> PROBLEM TO WORK ON: Repeat the material exactly from its first line to the line that includes "Sun fade and". Skip pictures.

> INFORMATION SHOWN:
=== Section Start ===
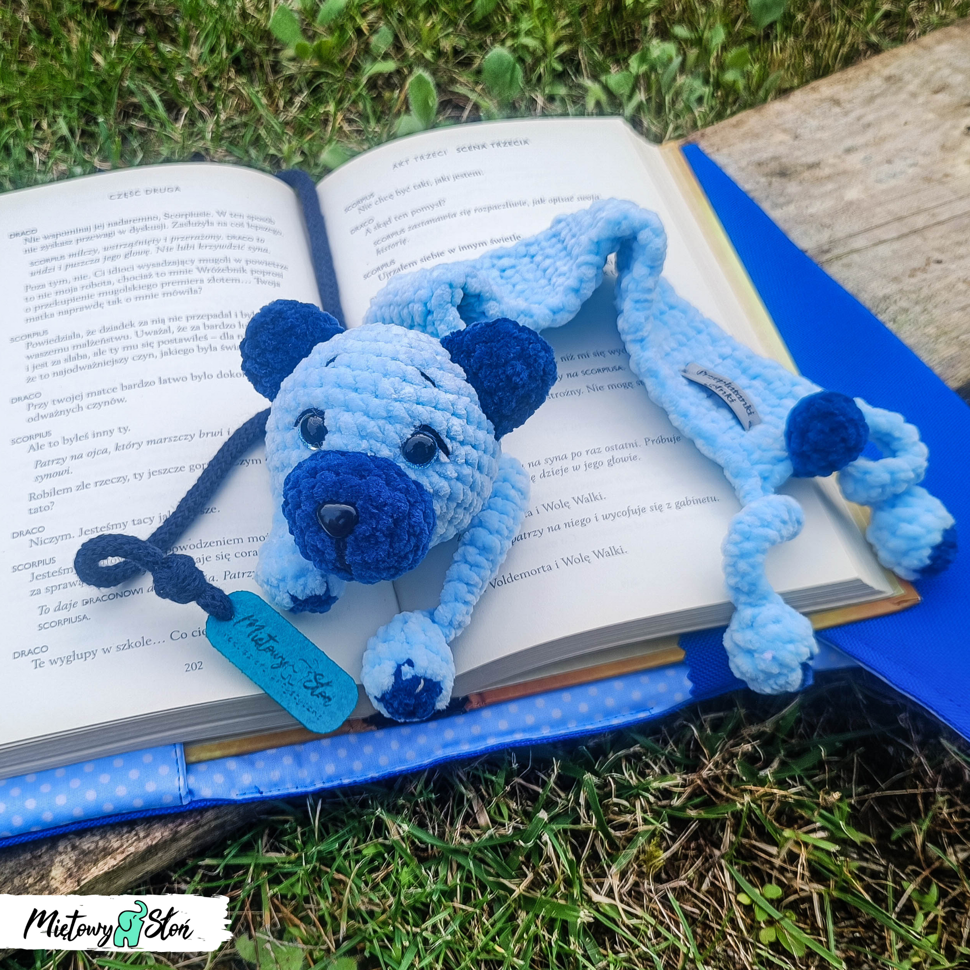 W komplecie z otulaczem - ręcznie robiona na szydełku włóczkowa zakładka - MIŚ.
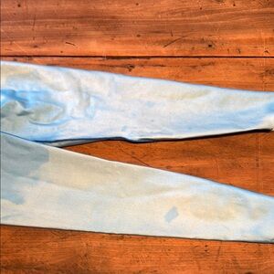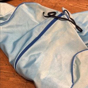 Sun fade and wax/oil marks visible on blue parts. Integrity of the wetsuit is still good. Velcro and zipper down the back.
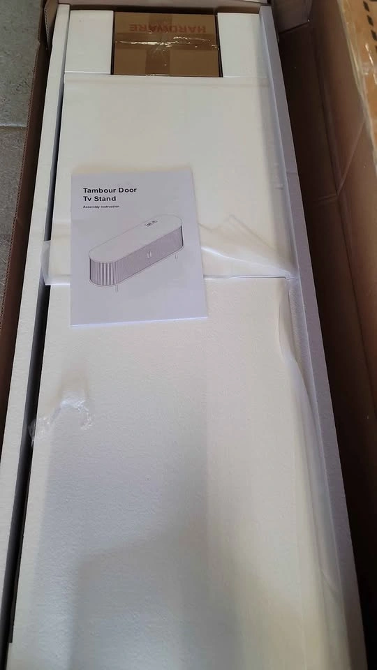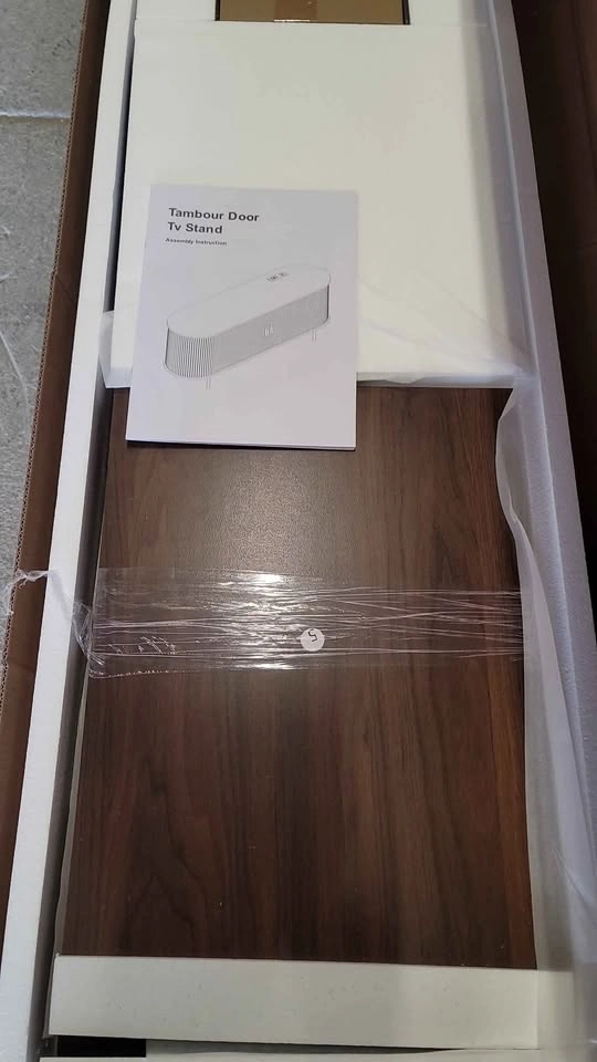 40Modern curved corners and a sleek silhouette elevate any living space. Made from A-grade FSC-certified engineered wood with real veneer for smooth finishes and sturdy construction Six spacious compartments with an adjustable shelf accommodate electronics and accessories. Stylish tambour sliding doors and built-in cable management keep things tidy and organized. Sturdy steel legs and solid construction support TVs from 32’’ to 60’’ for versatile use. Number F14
=== Section End ===
> RESULT:
 W komplecie z otulaczem - ręcznie robiona na szydełku włóczkowa zakładka - MIŚ.
 Sun fade and wax/oil marks visible on blue parts. Integrity of the wetsuit is still good. Velcro and zipper down the back.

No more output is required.